We have President Wahid of Indonesia, a great Islamic scholar, belonging to the Nadat-ul-ulema, the Islamic reformist movement, who at the time of our Prime Minister Shri Vajpayee's State visit to Indonesia, mentioned that Islam should not be viewed as a State-sponsored religion but should be viewed as a matter of individual belief. I know Radha disagrees with me on this issue basically but I would like to plead with you that if we should understand international relations better, we should not look at these religions as a monolith, not even within one country.
When we look at Islam we should pay attention to how it acculturised itself with the nations and societies into which it entered. So Kashmiri Islam is basically Sufi Islam which acculturised itself to local customs.
I wish to expand on this by citing the conflict of 1965. The Pakistani incursion into Indian territory was first reported to our security forces by Muslim shepherds. The alienation of the local populace did not happen until well into the '80s.
So all that I will plead for is that when we are looking at the Kashmir problem and the people of Kashmir, let us keep all these points in mind. I will stop here for now. I may have more things to say later.
Answer.
Civilizations need not be contiguous with nations. Within a civilization, there can be many nations. These are not co-terminus. As for chronological recording of history, Kalhana's 'Rajatarangini' only attests to the fact that we are as capable of any other country at documenting political history. But our view was that history or Ithihasa has a function to perform. It is not merely a chronological arrangement of the ascension of monarchs and the numerous wars that they waged.
History is meant to convey to successive generations the purpose of life and about the purusharthas, which define our life - 'dharma, artha, kama and moksha'. And this is conveyed through the narration of stories, events, and incidents. So history from our civilizational point of view is a record of the cumulative wisdom of our forefathers and it is from ithihasa we derive our inspiration and our exemplars for any given situation in individual, community or national life.

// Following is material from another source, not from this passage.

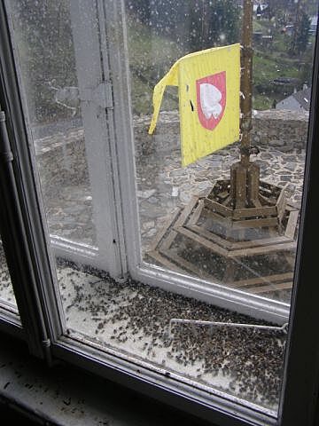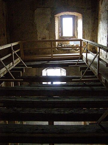 | Žebřík nalevo vede do nejvyššího místa hradu, úplně pod štít. To už jsem nedala, ale pár statečných ano. . |

I agree with you that the Islamic or Christian religious world should not be viewed as a homogenous community all over the world. They differ from nation to nation, region to region; and that is why I started off by saying that Iran is not like Indonesia and how Pakistan is not like Bangladesh. These differences are there, I admit.
Muslims do behave differently. But the teachings of Islam are intolerant, they not only encourage but exhort upon the faithful, religious conversion, by force if need be. If you want to go to heaven not only must you forcibly convert or kill the infidel but you must also destroy their places of worship.
Unfortunately, Hindu intellectuals never read the Koran. Christians themselves have written and spoken about their plan of action for Asia in the third millennium. We don't read that too. We insist on saying that all religions say the same things. They don't. We continue to believe that adherents of Islam and Christianity are just like us. They are not. And it is in this self-deception that we commit our greatest folly. And history will attest to the fact that we have paid a very heavy price for failing to understand and acknowledge the true nature of these religions.
At least now let us be objective enough to understand Islam from the Koran directly. As Arun Shourie keeps saying, let us go to the origin, to the original sources themselves. Let us not indulge in wishful thinking. As long as practices prevail over precepts, Islam does not pose a major problem; but the truth is, the fanatics or the fundamentalists always prevail over the moderates.
Which is why in Islam, Jinnah prevailed over Azad, whereas among the Hindus, Gandhiji prevailed over Savarkar. This is the difference in the respective mindsets.
Ultimately, when the chips are down, the Muslim will swear only by the Koran whereas the Hindu will swear by his conscience.